When talking about weathering tanks and vehicles, we might think of dusty hulls, streaks of filth, and mud splatters everywhere. While this can certainly be true for a vehicle in combat use (or prolonged manoeuvres, for that matter), these effects all tend to appear on top of the vehicle’s surface. Which means they are not actually part of the surface and can be removed by pressure-washing or a recruit with a rag.
On the other hand, even well maintained vehicles will show signs of wear and age which are actually part of the surface – so even if you are a model maker who doesn’t want to cover their models in mud, there are details you might want to incorporate to enhance their appearance.
Let’s Start with Paint.
Initially, military vehicles are usually factory-painted with a spray gun, using hard wearing paint that can stand up to rain, sunlight, and even chemical agents. Whereas many older paints were semi-gloss, modern camouflage colors tend to be very flat. Austrian gear used to be painted in RAL7013 “Braungrau” (“Brown Grey”, actually a brownish olive drab), newer gear acquired from other countries usually comes in NATO Green. All these colors will eventually fade, as almost no paint is entirely resistant to UV light. Furthermore, one batch of paints might slightly vary from another, making spot painting a fun job.

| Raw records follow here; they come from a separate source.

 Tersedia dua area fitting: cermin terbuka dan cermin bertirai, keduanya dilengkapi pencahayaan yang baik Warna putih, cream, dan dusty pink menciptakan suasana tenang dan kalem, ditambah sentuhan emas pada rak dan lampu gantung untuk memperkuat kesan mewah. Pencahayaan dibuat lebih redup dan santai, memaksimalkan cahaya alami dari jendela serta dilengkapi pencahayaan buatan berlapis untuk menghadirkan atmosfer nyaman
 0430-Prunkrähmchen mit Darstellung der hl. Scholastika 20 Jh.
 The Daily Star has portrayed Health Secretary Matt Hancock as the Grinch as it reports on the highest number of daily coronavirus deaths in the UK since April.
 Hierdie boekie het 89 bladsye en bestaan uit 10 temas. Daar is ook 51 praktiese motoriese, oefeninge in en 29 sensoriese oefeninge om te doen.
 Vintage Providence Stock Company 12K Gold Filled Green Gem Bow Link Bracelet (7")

Details of an ÖAF heavy truck in the old RAL7013 scheme. Notice the difference in tone between the box and the fuel tank. Also some nice streaking.
An ATF Dingo 2 in NATO Green. Of interest are the scratches on the rear door, and the faint remnants of tactical markings on the driver’s door and beneath the fuel filler. Notice the difference in tone between the hood and the rest of the vehicle, a result of the metals having different textures.

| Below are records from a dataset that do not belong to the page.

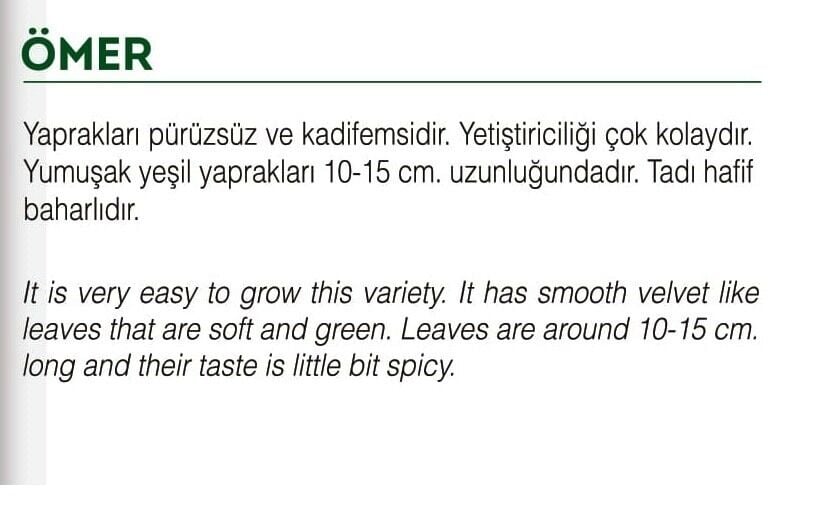 Tohum Tipi: Gelenekseldir, GDO, hibrit ve hormon katkı maddesi içermez
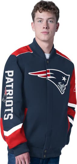 Show your team pride in style with this New England Patriots Prime Time Full-Zip Racing Jacket from G-III Sports by Carl Banks. This midweight jacket is perfect for moderate temperatures, keeping you comfortable without being too bulky. The twill applique team logo and wordmark showcase your New England Patriots team spirit.
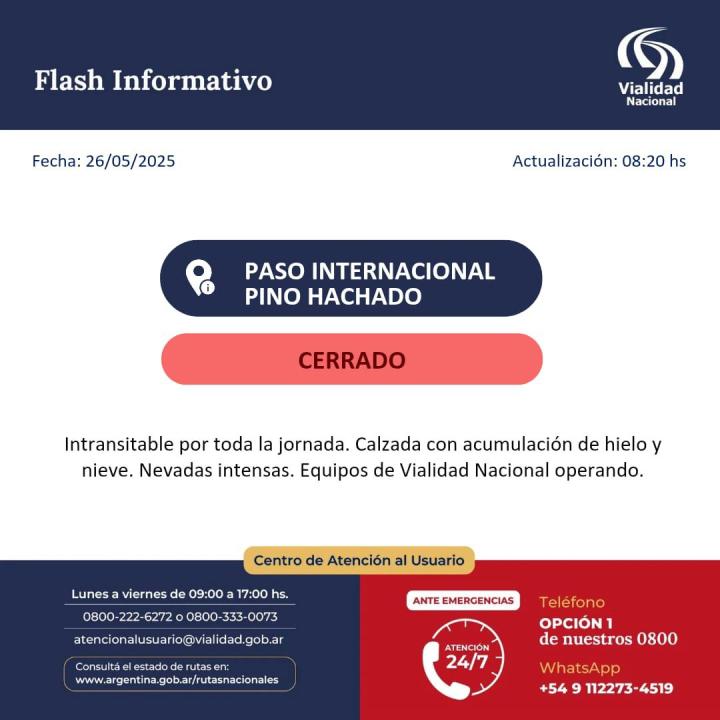 Según informaron desde Vialidad Nacional, el Paso Internacional Pino Hachado estuvo cerrado este lunes 26 de mayo.
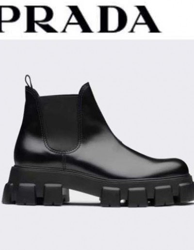 프라다 모놀리스 브러쉬드 레더 첼시 부츠 블랙 0124
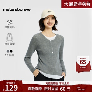 圆领针织羊毛衫 假两件灰色打底衫 新款 美特斯邦威毛衣女2025秋季
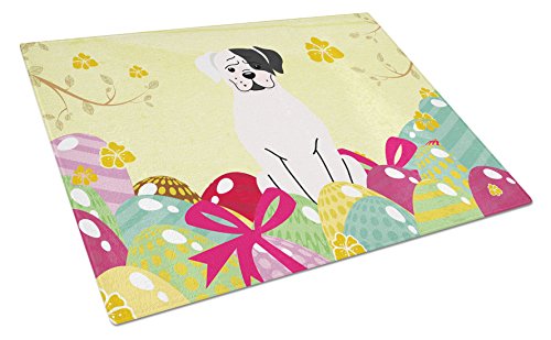 Caroline's Treasures Easter Eggs White Boxer Cooper Glass Cutting Board Large, Multicolor
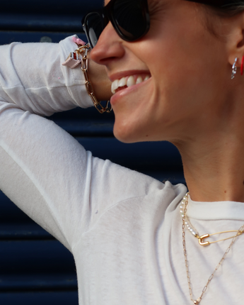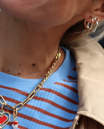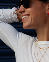Our iconic midi hoops with a twist, or should we say bend? Shaped like little clouds, these hoops are the newest addition to our earring family. Not only do they look fab alone, you can also add your charms to them!
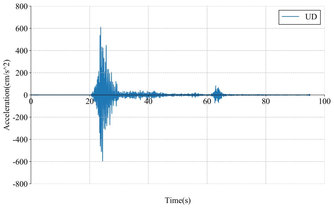 51GXT记录台站位置北纬28.43度,东经104.70度(图1,其中红色五角星为震中位置),记录到地震动峰值加速度为599.2cm/s/s。该地震动如图2、图3所示。

Close enough for government work. Whatever the markings on this water container used to say, they were painted over with a roller and little care for color fidelity.
There is an ongoing discussion about “hard edge” vs. “soft edge” camouflage. So let’s see what we’ve got here…
This ÖAF 10-ton truck sports a standard NATO three-tone camouflage, factory-applied and by-the-book. And then there is the box behind the cab… Looks like someone’s Tamiya tape came off during painting. The rear body might have been added to an existing chassis and painted to match the front.
This one looks somewhat freehanded. The demarcation between brown and green is especially interesting. Also note how badly the flat paint reacts to any kind of grease or oil.
Good tape job on this AFV Ulan. Or is this freehand?
Nope. You can literally feel the ridge where the paint bumped against whatever template was used.
Many modern vehicles have plastic bumpers, and the black ones are prone to massive discoloration due to sunlight. Compare the bumper to the frame around the headlights. They once used to be the same color.
Things get bumped around in military service. And when they got bumped around enough, someone will be there to paint over the bruises.
Side shots of an ATF Dingo 2. The rough texture of the armor plating scratches easily, and again the flat paint does not respond too kindly to grubby fingers.
Fine chipping and not-so-fine brush work on a truck. Proves the point that paint chips “can never be too small”.
Splashes, yay! Not sure what is going on here, as the rest of this vehicle was spotless.
This part has something for everyone. To reproduce all this, you could easily use four different techniques.
They almost got away with hiding the rust…
… but not quite.
This truck seems to have been repainted a number of times. Note how the aluminium hooks chip, but do not rust – if you want to keep it realistic, you need to know what the real thing is made of.
Now this is some corrosion control. One wonders if the poor guy counted the rivets while painting around them.
Same here. Looks like the old RAL paint was used to cover the rivets on this NATO Green vehicle.
A rigid hull boat, looking as if a bunch of toddlers tested their crayons on it.
A shiny new small excavator…
… as long as you do not look too close.
The same vehicle, its business end having seen some work.
Suddenly, a tarp. This one has been rolled up for some time, leaving a distinct dirt line.
Finally. Some thoughts on all this.
A model maker whose opinions I really respect tends to lose it when people start talking about “over-weathered” or “under-weathered” models. In his view, there is only good or bad storytelling. I could not agree more. When you know what story you want your model to tell, you will know what to do, and you will know if and how much you want to weather it.
It is your model, and you should do with it whatever you like. This article is not meant to say you need to add wear and tear to your model in order to live a happy life. On the other hand, if you just got started with weathering, these images might give you an idea what you can do with your model to help it tell its story.